Is anyone else thinking about this? I’d love a conversation about it.
I’m sure some of it is seeking community validation for your own morals. And some of it is actually trying to convince others of your sincerely-held beliefs. When I argue about my views for prisons, it’s because I really want to change people’s minds, for the better treatment of those prisoners.
Another reason I find for wanting to be right is that I actually want to figure out what I believe. A common challenge is to explain a concept as if you were talking to a five-year-old, and some of my deepest-held beliefs are things I find difficult to put into text at all, so I relish the opportunity to figure out how I would explain what I believe.
But, for myself, I think the deepest, darkest reason of why I do it is because I’m afraid I’m wrong. If I stop defending my point of view, as ridiculous as it seems to type it out, it’s as if I’m admitting that my beliefs don’t hold up to scrutiny, which means that I have to re-evaluate everything based upon that point of view: actions, plans, and other related beliefs, and that’s a difficult step to take.
As I’ve gotten older, I’ve tried to refine my position. I still want to be right, but I try not to automatically assume that I’m already there. I remind myself that I have much to learn in my own pet topics, and everything to learn in every other topic.
Plus, even when I’m right, I’m trying to minimize the urge to convince other people of my rightness. I have, historically, been somewhat insufferable. I don’t wanna be that anymore.

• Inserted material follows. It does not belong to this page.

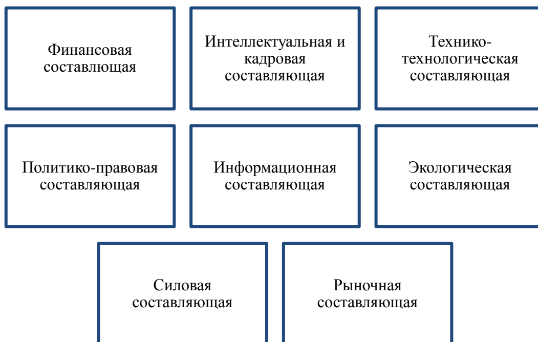
Рис. 2. Основные составляющие экономической безопасности предприятия

Финансовый результат является экономическим итогом функционирования предприятия, разницей между доходами и расходами компании и показателем ее эффективности и конкурентоспособности. Получение прибыли, сохранение ее уровня и устойчивого роста выступают важнейшим направлением деятельности предприятия.

I think that one of the signs of maturity is in trying to find where ‘right’ lies, and to move yourself there, rather than planting yourself in one place and declaring where you are to be ‘right.’
One of the problems with religion, as I see it, is that it doesn’t tend to instill into its adherents this kind of reflection upon your own beliefs, instead taking for granted that what you have been taught is ‘right’ is the literal Word-of-God definition, and should not be questioned.
For me, it’s an overpowering need to know I’m not delusional.
It’s sort of like the anecdote about Galileo muttering “and yet it moves” after officially recanting on heliocentrism. I’ve endured a lot of gaslighting in my life, which has led to further embarrassment later on when I say something based on the gaslighting and it’s utterly wrong. (The Stone Roses were not a heavy metal band; Sarah didn’t think I was rude so I didn’t need to apologise to her; not only am I not actually bad at paying my bills on time, I’m actually pretty diligent about it.)
When I was a teenager a relative pointed out a Molly Ringwald article to me. Ringwald said in it that she used to think she knew everything, but now she realised she didn’t.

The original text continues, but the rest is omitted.